Munter was informed that "under the current circumstances, Pakistan would not be able to participate in the trilateral meeting between Afghanistan-Pakistan-US, proposed by the US, in Brussels on March 26," Janjua said.

Minister of state for foreign affairs Hina Rabbani Khar was earlier expected to participate in the meeting.

Bashir told the US envoy that such drone strikes were "unacceptable" and constituted "a flagrant violation of humanitarian norms and law."

A strongly worded statement issued by the foreign office said Munter was told that it "was evident that the fundamentals of our relations need to be revisited."

"Pakistan should not be taken for granted nor treated as a client state. It was for the White House and the state department to hold back those who have been trying to veer Pakistan-US relationship away from the track," the statement said.

It quoted Munter as saying that he "understood clearly that this was not a proforma demarche."

He said he would "rush to Washington to convey Pakistan's message to the US administration at the highest levels."

The latest diplomatic row between Pakistan and the US came barely two days after the resolution of a spat over suspected CIA contractor Raymond Davis, who was arrested in Lahore on January 27 after he shot and killed two Pakistani men.
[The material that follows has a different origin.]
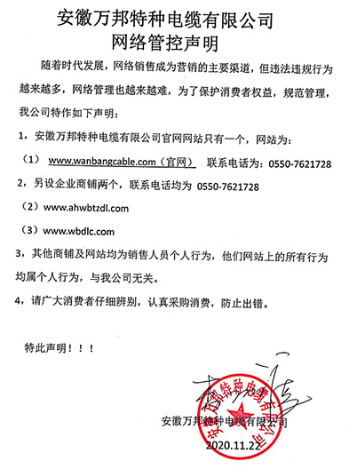 鄭重聲明:安徽萬邦特種電纜有限公司官方網站為:www_wanbangcable_com.pdlpr.cn,除此之外無任何子網站或合作網站,其余均為假冒偽劣。電話:0550-7621728 13485756353 地 址:安徽省天長市滁州高新技術產業開發區經四路29號

Pakistan's refusal to free Davis on grounds of diplomatic immunity had taken bilateral ties to a new low.

A Pakistani court pardoned and freed Davis on Wednesday after over two million dollars were paid as "blood money" to the families of the two men he had killed.
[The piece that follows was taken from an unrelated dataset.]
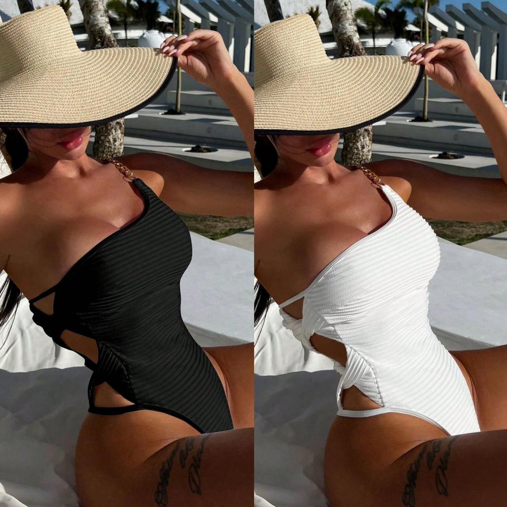 Сексуальный металлический ремешок на одно плечо Слитный купальник с вырезами и завязками Купальник с контролем живота

Just a day after his release, US drones targeted what Pakistani officials said was a tribal jirga in Datta Khel area of the volatile North Waziristan tribal region.

Forty-four people were killed in the attacks, a majority of them members of a tribal council and personnel from a government militia force.

Media reports said some of those killed in the attacks were Taliban militants or had links to the Taliban.

Pakistan had earlier demanded an "apology and explanation" from the US for the drone strikes, which were condemned by President Asif Ali Zardari, Prime Minister Gilani and army chief Ashfaq Parvez Kayani.

Kayani, in a strongly worded statement, said: "It is highly regrettable that a jirga of peaceful citizens, including elders of the area, was carelessly and callously targeted with complete disregard to human life."